“How can we, with all the knowledge and experience and free press and civil society in this country operate an economic system which will increase the number of Nigerians in severe poverty every year, for three (3) years running, until we are now home to the largest number of people in severe poverty in the world. And Bill Gates and the World Bank and IMF are now blaming us for not investing enough in our own citizens?”
This is the billion Naira question being posed to the Nigerian elite by Engineer Abba Gana, an ideologue of the Progressives in the Second Republic and one time Minister for the FCT in the Fourth Republic. He was speaking as a Life Time Achievement awardee on the topic “The Task of National Development: A Clarion Call to All Stakeholders” in Abuja.
Agreeing with Professor Biodun Jeyifo, The Nation’s columnist that Nigeria operates the most unproductive and the worst type of capitalism in the whole world, the elder statesman thumbs down governments, the organised private sector and well endowed individuals for not doing enough for the vast majority of the citizens. He is wondering why education, health care, food, house, rent, transportation, electricity and water are very expensive in relation to wages and general level of prosperity. For him, “prices of essential commodities, services and utilities must at all times reflect the level of prosperity of the vast majority of our people”

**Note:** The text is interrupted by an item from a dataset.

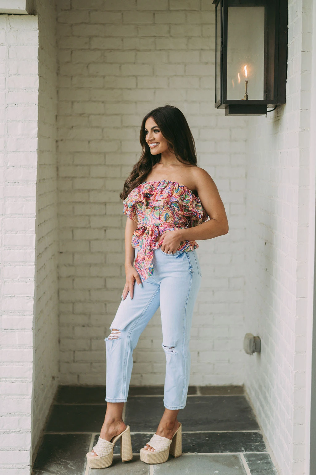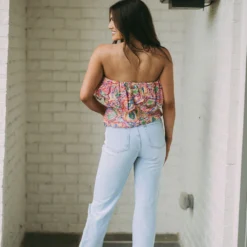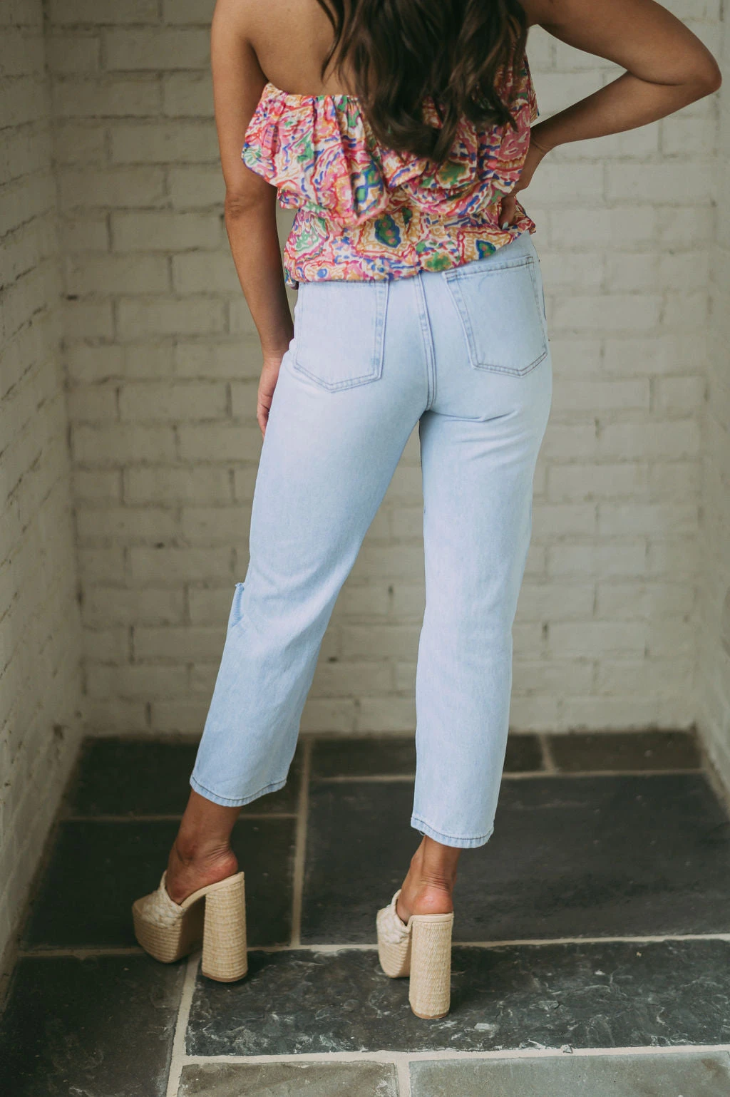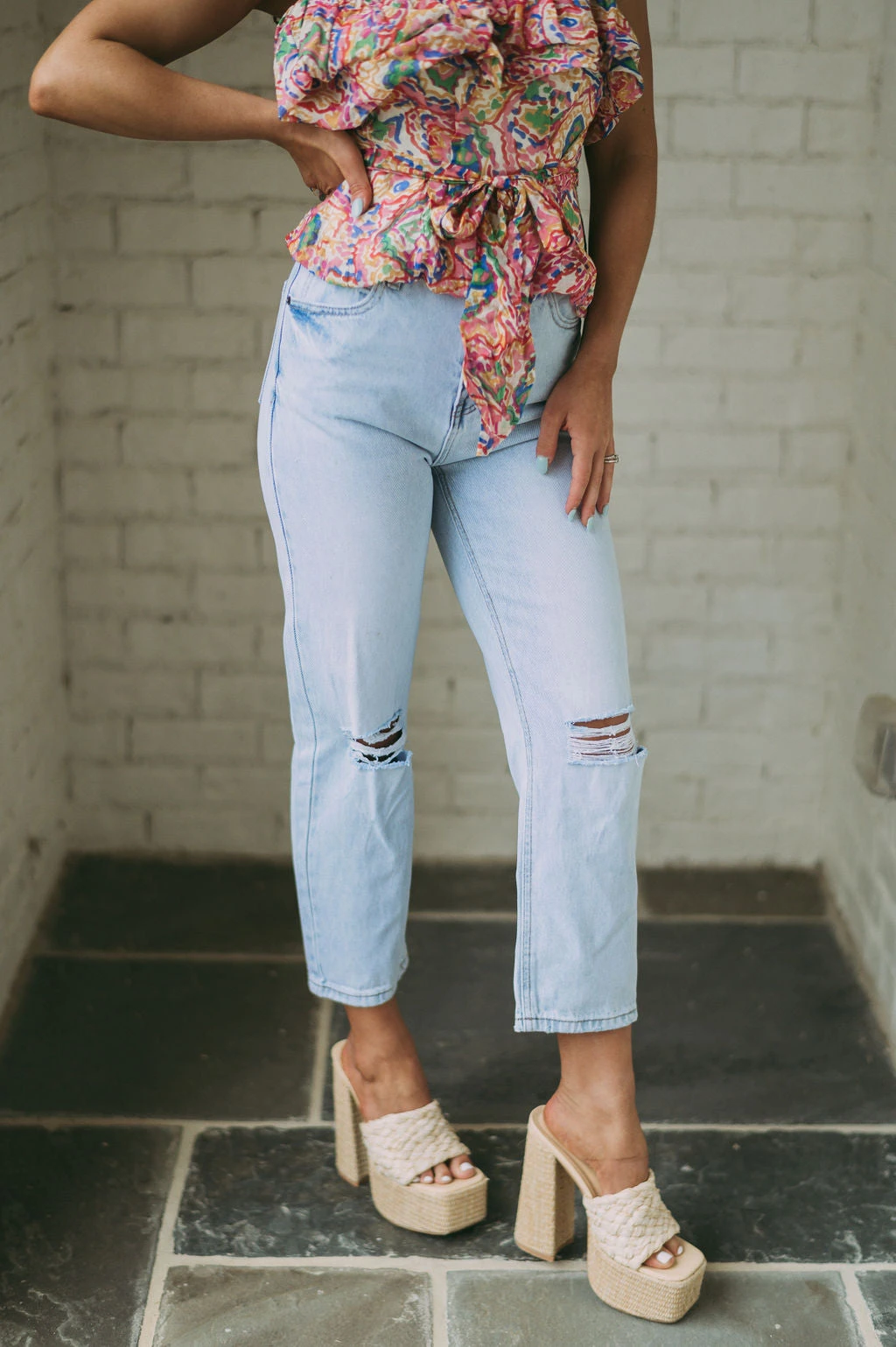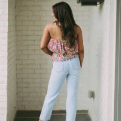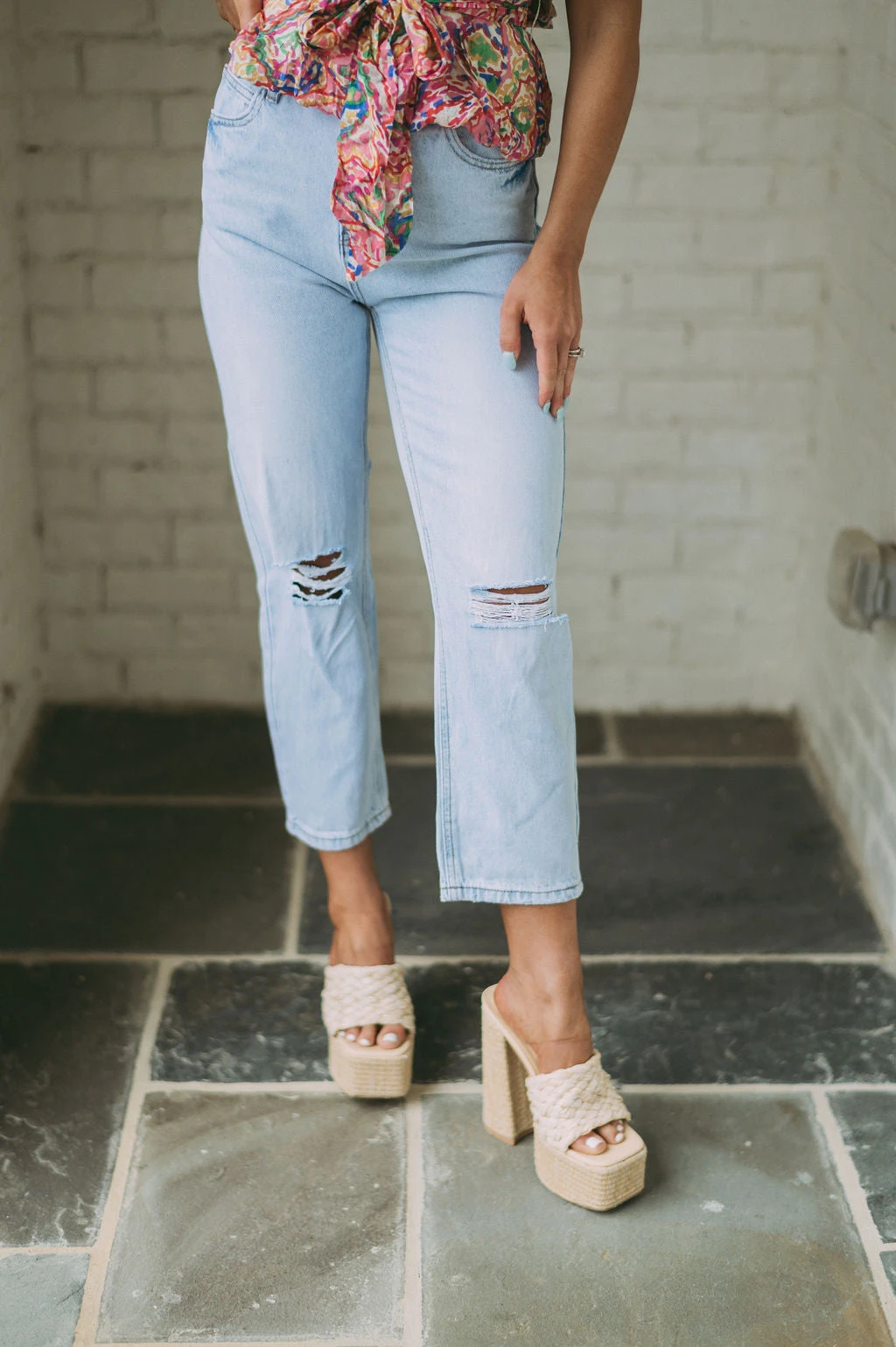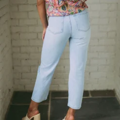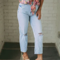 - These Presley Cropped Jeans feature a light wash, high waistline, cropped legs, and distressed detailing to offer a classic, distressed look. Crafted from premium materials, these jeans provide a comfortable and stylish fit!

Gana, most likely the only former FCT Minister living in a rented accommodation in Abuja cites CNN’s Business reporter, Richard Quest’s discovery that there are more private jets than commercial air crafts for use by the public in a country of 200 million people as the unsurpassed exemplar of how Nigerian leaders, policy makers and their advisers are simply not planning for the progress, prosperity and welfare of the citizens. That report, he says, demonstrates gross income inequality and declining public purpose in policy making and investment decision in Nigeria, a situation he calls for its arrest, adding how the IMF and World Bank have expressed grave concern about economic management in Nigeria in recent years.
He does not see anything surprising in how these institutions have been advising Nigeria of late to increase investment in human capital, an admission of error in their earlier policy of SAP. “This means that, in matters of economic development, we are on our own. We can formulate, design or pick and choose the economic development model which meets the needs of our people and suitable for our present level of industrialization, economic, social and agricultural development”, said Gana.
Identifying greed, denial and injustice as the causes of all crises in the world, the former FCT Minister contended that once there is justice and fairness at the level of leadership, there would be enough for everyone. He is strongly cautioning against a ‘winner takes all’ attitude in running government at all levels, saying that such would leave millions of people behind with nothing to do in an economy which he estimates to be 70 – 80 % dependent on government.
He is saying that leadership is at the core of every society’s progress or lack of it and that it is time for the Nigerian electorate to rise up and hold those they elect at all levels accountable or the country will continue to be home for those in severe poverty for many years to come.
Gana insists that leadership is what Nigeria must get right, an argument he formulated as follows: “Throughout human history amongst all races and in all countries, when things go wrong, it is because of the type of leaders they have and when things go right, it is also because of the type of leaders they have”. His conclusion is that if Nigerians want development, prosperity, security and welfare, they should search, identify good leaders and vote them to power.
Adding that the cure for bad leadership is the vigilance of the citizens, the former minister argues that “Democracy cannot work for the people unless and until the citizens are ready and willing to hold their leaders accountable and use their votes to reject bad, incompetent and corrupt leaders”.
Coming a week or so before the commencement of presidential campaigns for 2019 elections, it remains to be seen what impact the former minister’s bombshell will have on how the leading candidates frame the question of economic development model beyond the commoner slangs and their taken-for-granted meaning. Among such slangs are the market, the private sector, public-private partnership, privatisation, etc.